18. Silence of the Lambs: all films with the "Hannibal Lecter" character should be watched (as if this needs any further elaboration...).
19. Deep Blue Sea: similar to #5 but much cheesier - the premise being that some silly arrogant research scientist decides to make a pair of white sharks as smart as humans, in order to study neurological theories, without EVEN ONCE considering the possibly that she has "knocked the human race off the top of the food chain", as one horrified coworker puts it (this film is of course only enjoyable from the perspective of rooting for the sharks...).
20. Delicatessen: Human scum have what's coming to them - life in the sewers, and systems for eating each other.
21. Coffee and Cigarettes: It's good for the soul to occasionally watch OTHER people do some of the same neurotic twitching you do.
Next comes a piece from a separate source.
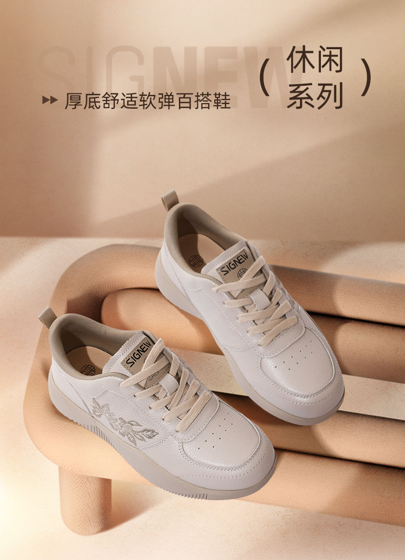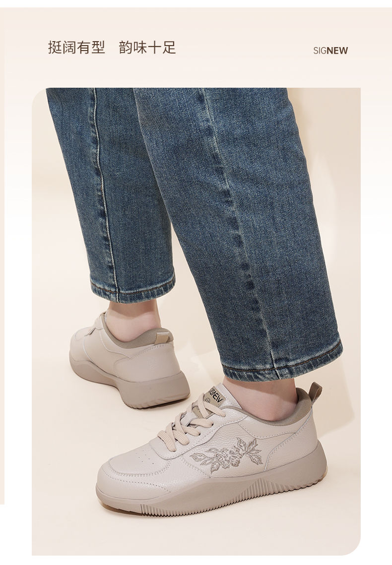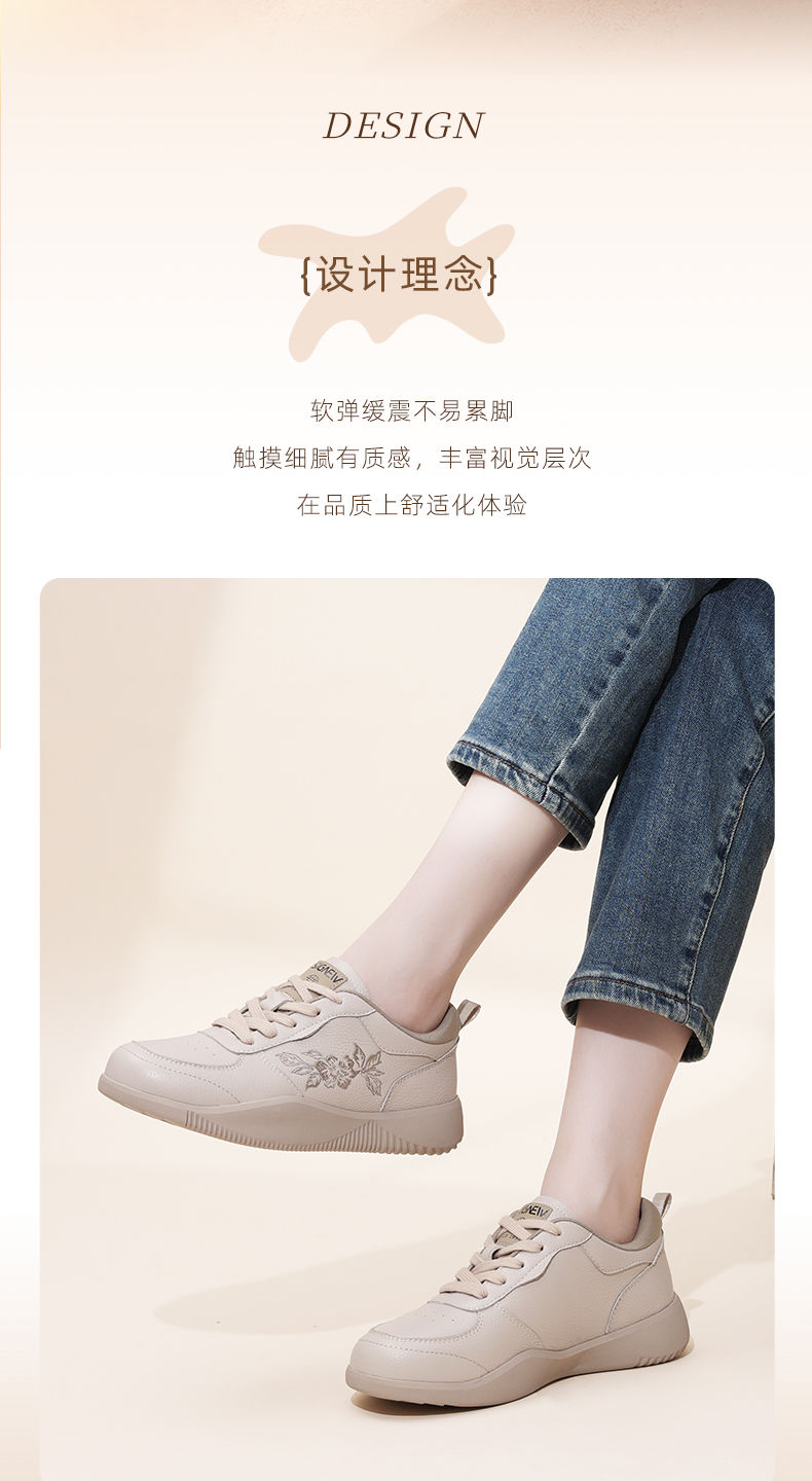 信诺真皮舒适女鞋2024新款秋季百搭软底运动中老年妈妈鞋旅游皮鞋Q5706-1

22. Avatar: pop and Hollywood but includes a feel-good well-deserved butt-kicking of humans who damn well deserve it for fucking with Nature Preserves. Plus when I saw it in 3-D a floating Jellyfishy thing landed on my hand.
23. The Hunger: Miriam associates with bipedal messengers of Cnidaria, and is so artistically elegant that we overlook her weakness of screwing over the humans she doesn't feed on because she cares about them.
24. Bubbahotep: if you are a skeptic who thinks Space Jellies may not exist, you'll believe in them just like you believe in Elvis and a black JFK by the end of this.
25. Ravenous: the Wendigo is also allied with Cnidaria, and helps keep the wilderness populations of humans at a minimum.
26. The Monolith Monsters: a reminder that things will come from outer space to kill off humans and destroy all their works. This one was stopped but it's only the first.
27. Godzilla vs. Biollante: the scientist has the arrogance to gene-splice a rose with his dead wife! That alone justifies multiple cities being destroyed.
28. Gamera (1995 + sequels): about as Cnidarian as can be, even if a fire-breathing space turtle is standing in for Fiery-Raining Space Jellies and hasn't YET fully decided that humans are the biggest threat to the planet.
29. Mononoke Hime: humans are just the most disgusting polluting destructive menaces to be found, and they curse themselves by cursing all other life.
30. Tideland: If you look at people through the eyes of a little girl (as opposed to looking through the perspective of one) you might understand why the Jellyfish should just come now and get it over with, damn it.